Following the imposition of a 15% tariff on about $112 billion of mostly consumer goods on Sept. 1, Trump decided to delay for two weeks the tariff increase to 30% from 25% on $250 billion of Chinese goods that was scheduled to take effect Oct. 1, in deference to the 70-year celebration of the People’s Republic of China.

China, in turn, exempted some U.S. goods from tariffs and reportedly made its first large purchases of soybeans and pork in months.

A final tranche of 15% tariffs on some $160 billion of Chinese goods is scheduled to go into effect on Dec. 15 to spare the consumer higher prices during the Christmas shopping season. (No, China doesn’t pay the tariffs.)

China isn’t Trump’s only target. The president has threatened tariffs on an array of European imports, including automobiles, wine and luxury goods. His apparent annoyance with the European Central Bank for lowering interest rates, which weakens the euro EURUSD, +0.4635%   and gives European companies a trade advantage, may rankle him enough to seek revenge through tariffs: his favored policy strategy, be it to reduce the U.S. trade deficit or restrict immigration from Mexico

The U.S. and China are scheduled to resume high-level trade talks in Washington in early October. Don’t hold your breath waiting for a major trade deal where China agrees to open its economy to all forms of investment, curtail subsidies to favored industries, and cease unfair trade practices.

Tariffs have depressed global trade flows and induced manufacturing recessions in several developed economies, including the U.S. Those adverse effects will continue to ripple through the world economy, so from the Fed’s point of view, a temporary truce between the U.S. and China does nothing to alleviate the destructive effects of tariffs already in place or to mitigate “trade policy uncertainty.”

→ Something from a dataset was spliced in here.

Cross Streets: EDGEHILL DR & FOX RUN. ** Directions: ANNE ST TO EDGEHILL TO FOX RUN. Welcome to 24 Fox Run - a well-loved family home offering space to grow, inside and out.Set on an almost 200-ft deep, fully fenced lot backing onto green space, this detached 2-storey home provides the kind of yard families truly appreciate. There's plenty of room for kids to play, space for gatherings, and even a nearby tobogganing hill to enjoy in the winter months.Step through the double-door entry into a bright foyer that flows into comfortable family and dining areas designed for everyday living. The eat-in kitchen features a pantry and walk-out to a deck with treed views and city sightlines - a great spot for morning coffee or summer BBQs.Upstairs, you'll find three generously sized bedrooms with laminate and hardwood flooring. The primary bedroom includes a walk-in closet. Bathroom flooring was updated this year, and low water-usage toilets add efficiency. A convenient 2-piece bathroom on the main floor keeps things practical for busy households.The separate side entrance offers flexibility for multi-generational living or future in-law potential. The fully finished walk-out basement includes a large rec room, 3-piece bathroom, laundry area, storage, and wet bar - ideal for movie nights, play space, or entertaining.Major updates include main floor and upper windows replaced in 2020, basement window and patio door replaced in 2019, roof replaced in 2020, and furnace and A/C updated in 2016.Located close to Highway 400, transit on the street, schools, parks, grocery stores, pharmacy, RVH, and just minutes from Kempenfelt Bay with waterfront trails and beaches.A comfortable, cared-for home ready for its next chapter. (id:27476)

You can put a check mark next to “trade policy uncertainty” as an ongoing risk.

Risk #3: Low inflation

That leaves persistently low inflation. The core consumer price index, which excludes food and energy, rose 0.3% for the third consecutive month in August. That pushed the year-over-year increase up to 2.4% for only the second time since 2008.

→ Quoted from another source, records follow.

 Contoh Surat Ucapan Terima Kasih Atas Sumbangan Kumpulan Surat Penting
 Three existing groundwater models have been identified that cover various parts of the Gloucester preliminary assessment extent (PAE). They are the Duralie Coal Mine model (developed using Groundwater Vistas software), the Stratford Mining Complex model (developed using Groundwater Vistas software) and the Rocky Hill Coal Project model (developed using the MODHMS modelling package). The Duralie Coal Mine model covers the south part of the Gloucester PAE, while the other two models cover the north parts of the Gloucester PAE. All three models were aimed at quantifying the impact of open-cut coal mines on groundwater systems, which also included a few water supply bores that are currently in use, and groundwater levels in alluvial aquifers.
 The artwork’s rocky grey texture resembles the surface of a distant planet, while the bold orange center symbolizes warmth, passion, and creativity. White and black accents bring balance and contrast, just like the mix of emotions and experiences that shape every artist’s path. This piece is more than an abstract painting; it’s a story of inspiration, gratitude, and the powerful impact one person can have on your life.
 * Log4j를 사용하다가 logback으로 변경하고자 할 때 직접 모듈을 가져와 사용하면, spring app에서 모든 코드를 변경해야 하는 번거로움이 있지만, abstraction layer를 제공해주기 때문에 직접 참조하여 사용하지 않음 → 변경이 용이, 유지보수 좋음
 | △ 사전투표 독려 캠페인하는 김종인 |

While the surge in medical-care costs, the main driver of the outsized increase, may have been a function of a measurement quirk that distorts the CPI compared to the Fed’s preferred inflation gauge — the personal consumption expenditures price index — it bears watching. The core PCE price index, which has been trending lower for a year, rose 1.6% in the year ending July.

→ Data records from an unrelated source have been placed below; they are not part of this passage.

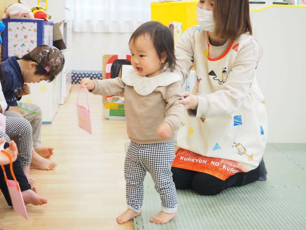 いつも小さいお友達にも優しくしてくれたうさぎ組のお兄ちゃん、お姉ちゃんに0・1歳児の子どもたちから歌や手作りのプレゼントがありましたよ(#^^#)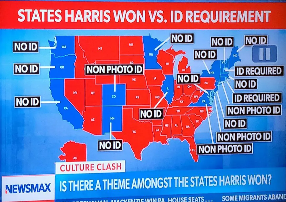 Zajímavá souvislost ve výsledcích prezidentských voleb v USA: Americký televizní kanál Newsmax uveřejnil mapu USA s volebními výsledky prezidentských voleb (upozornil na ni Elon Musk). Ovšem ne ledajakou. Newsmax do ní přidal informaci, který stát vyžaduje identifikaci voličů, a který nikoli. Mapa ukazuje, že ve všech 12 státech, které nevyžadují žádnou identifikaci voličů, zvítězila Kamala Harrisová. Ve čtyřech státech, kde postačuje průkaz bez fotografie, také zvítězila demokratická kandidátka. Harrisová však vyhrála pouze ve dvou státech, které vyžadují plnohodnotnou identifikaci…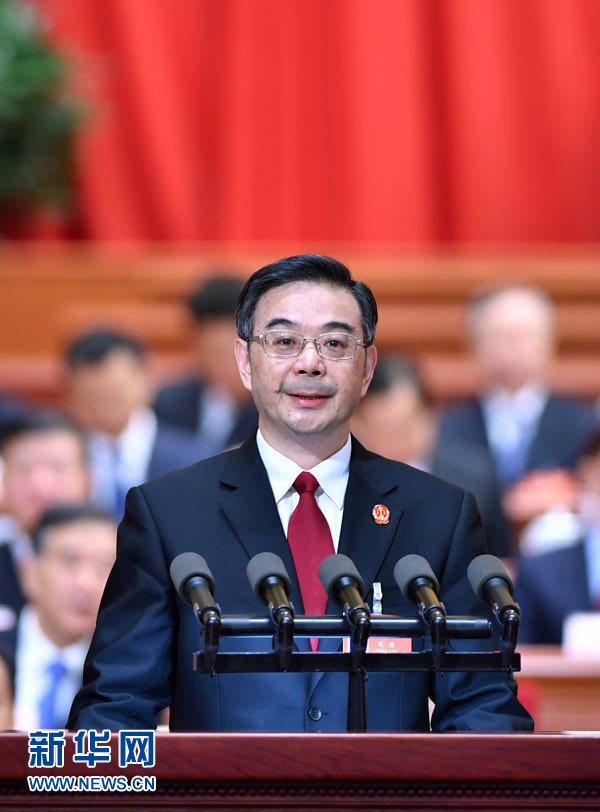 3月12日,十二屆全國人大五次會議在北京人民大會堂舉行第三次全體會議。最高人民法院院長周強作最高人民法院工作報告。 新華社記者李濤攝
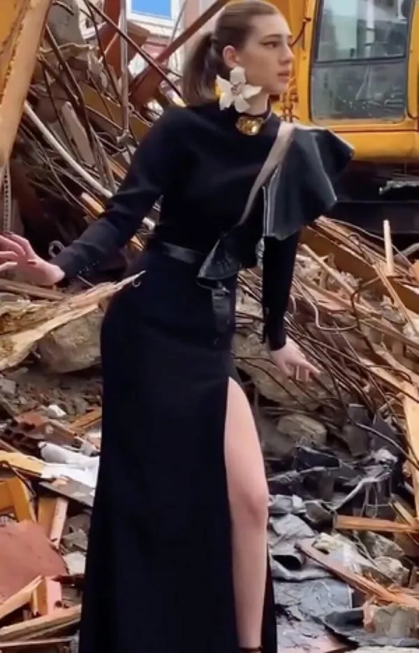Bir enkaz üzerinde şık elbisesiyle poz veren Esen, çekimden bir videoyu sosyal medya hesabında paylaştı. Eleştiri oklarının hedefi olan genç modelin gönderisine, "Böyle farkındalık olur mu?', 'Ne yaptığınızın farkında mısınız' gibi binlerce olumsuz yorum yapıldı.

The Fed is considering a new policy that would tolerate inflation above its 2% target to offset years of undershoot as part of a makeup strategy. It remains to be seen how policy makers would react if and when they saw the whites of inflation’s eyes instead of theorizing about inflation offset.

The huge spike in oil prices CL.1, -5.14%  following Saturday’s attack on Saudi Arabia’s oil processing facilities that took out half of the kingdom’s production is likely to have ripple effects for months.

Such a negative supply shock — implying lower output and higher prices — is not something central banks are equipped to address as their policy tools are designed to affect aggregate demand.

While persistently low inflation may be less of a risk in the short term, it may be offset by any negative effects the oil spike has on business and consumer confidence and any additional threats it poses to global growth, even once oil production is fully restored.

For the moment, then, you can put a question mark next to “persistently low inflation.”

Now, as long as the U.S. economy is “in a good place,” as Powell and his minions are wont to say, risk management will be the order of the day. Watch the risks to determine the management, or policy, strategy.

If and when the U.S. consumer, who has been powering the economy and shows no sign of fatigue, decides to pull back, all bets are off. The 75-basis-point “mid-cycle adjustment” that many economists expect by the end of the year — similar to the Fed’s response in 1994-1995 and in 1998 — will yield to a full-blown easing cycle.

At that point, risk management will give way to “whatever it takes” at a time when global central banks may not have the resources needed to deliver on that promise.